Frequencies of cTfh are increased following infection and vaccination (1214, 26) and SARS-CoV-2 specific Tfh have been shown to correlate with neutralising antibody responses in convalescent individuals (44). We were interested to understand how cTfh frequency and phenotype related to the titres and neutralising strength of SARS-CoV-2 specific antibodies in our patient cohort.

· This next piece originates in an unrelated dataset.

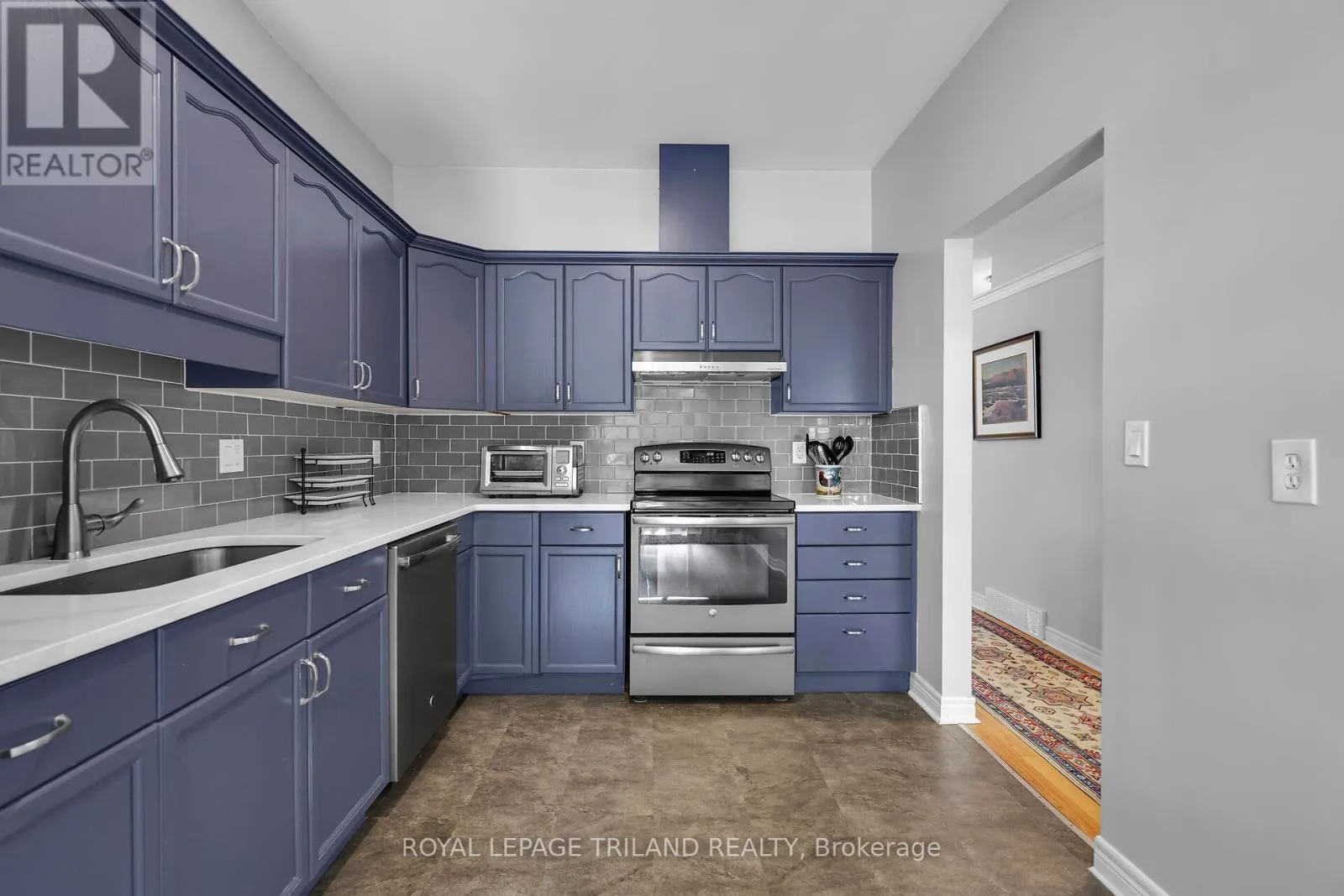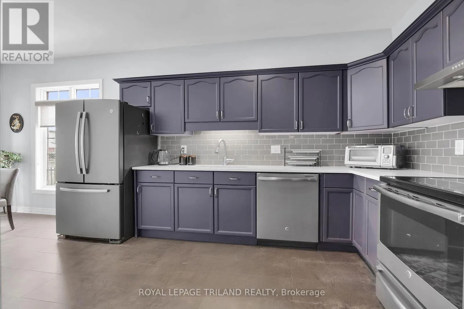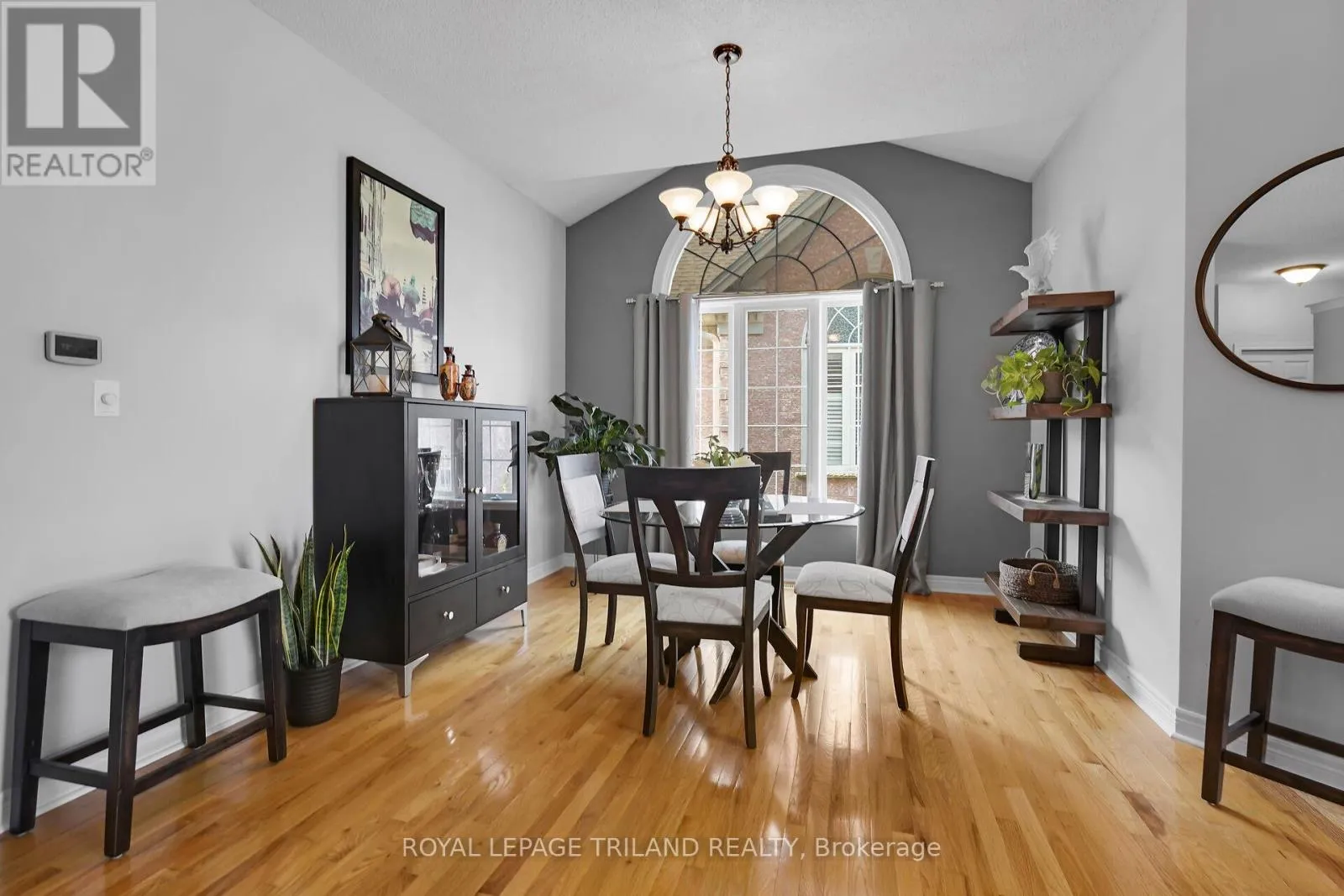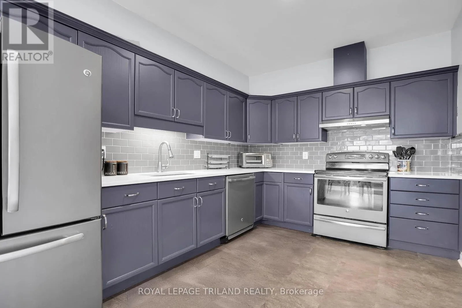 COMMISSIONERS ROAD AND HIGHBURY AVENUE Welcome to 121-2025 Meadowgate Blvd, a charming end unit townhouse nestled within a desirable gated community. Boasting 2+1 well-appointed bedrooms and 2.5 modern bathrooms, this residence is perfect for anyone looking to embrace a more comfortable, downsized lifestyle without compromising on quality or space. Upon entering this exquisite home, you'll be surrounded by the warmth of natural light that beams across the open concept living and dining area, complete with rich hardwood flooring, a striking vaulted ceiling, and an inviting ambience. The living space seamlessly unfolds into the eat-in kitchen, where culinary enthusiasts will delight in the opportunity to create sumptuous meals before stepping out to the private deck, crowned with a delightful gazebo, ideal for savouring peaceful moments. Convenience is key, with main floor laundry facilities and a generous primary bedroom that features a serene ensuite and a spacious walk-in closet. The large finished lower level offers additional living space, including a comfortable bedroom, a full bathroom, a recreation room perfect for entertaining, and a gas fireplace that adds a touch of cozy elegance. This immaculate home also includes a single car garage with opener and inside entry. The clubhouse, a hub of social activity, provides a party room, meeting room, gym, library, and an indoor pool. Its deck overlooks a tranquil pond with a fountain, offering picturesque views and a sense of community. Located with easy access to the 401, parks, trails, shopping, and the hospital, this property presents a turn-key solution for those seeking a serene, maintenance-free lifestyle. Spotless and move-in ready, this townhouse awaits to be your new haven of comfort and elegance. (id:27476)

There were no statistically significant changes in the frequencies of cTfh (CD45RA-CXCR5+, for gating strategy see Supplementary Figure 4A) with increased antibody titres and neutralising strengths (Figure 4C). However, we found significantly increased frequencies of ICOS and CD38 expressing cTfh from individuals with high S1 IgG titres and stronger neutralising antibodies (Figure 4D). Similarly, higher expression of HLA-DR was linked to S1 IgG titre and neutralising strength (Figure 4D). While there was a trend for PD-1 expression to be elevated in individuals with detectable S1 IgG this was not statistically significant (Figure 4D). Another receptor highly expressed by Tfh is the coinhibitory receptor TIGIT (45), however its role in Tfh function is not well defined. Interestingly, when we probed expression of TIGIT on cTfh we saw that it was significantly lower in individuals with high S1 IgG titres and there was a trend for reduced TIGIT frequencies in individuals with strong neutralising antibodies (Figure 4E). This observation was even more striking when comparing TIGIT+ cTfh to ICOS+CD38+ cTfh; the ratio was lower in the high S1 IgG titre and potent neutralising antibody groups (Figure 4F). Consistent with the association between severe disease and higher S1 IgG titre and neutralising capacity, we also found that the ratio of TIGIT+ cTfh to ICOS+CD38+ cTfh was lower in severe disease (Figure 4G).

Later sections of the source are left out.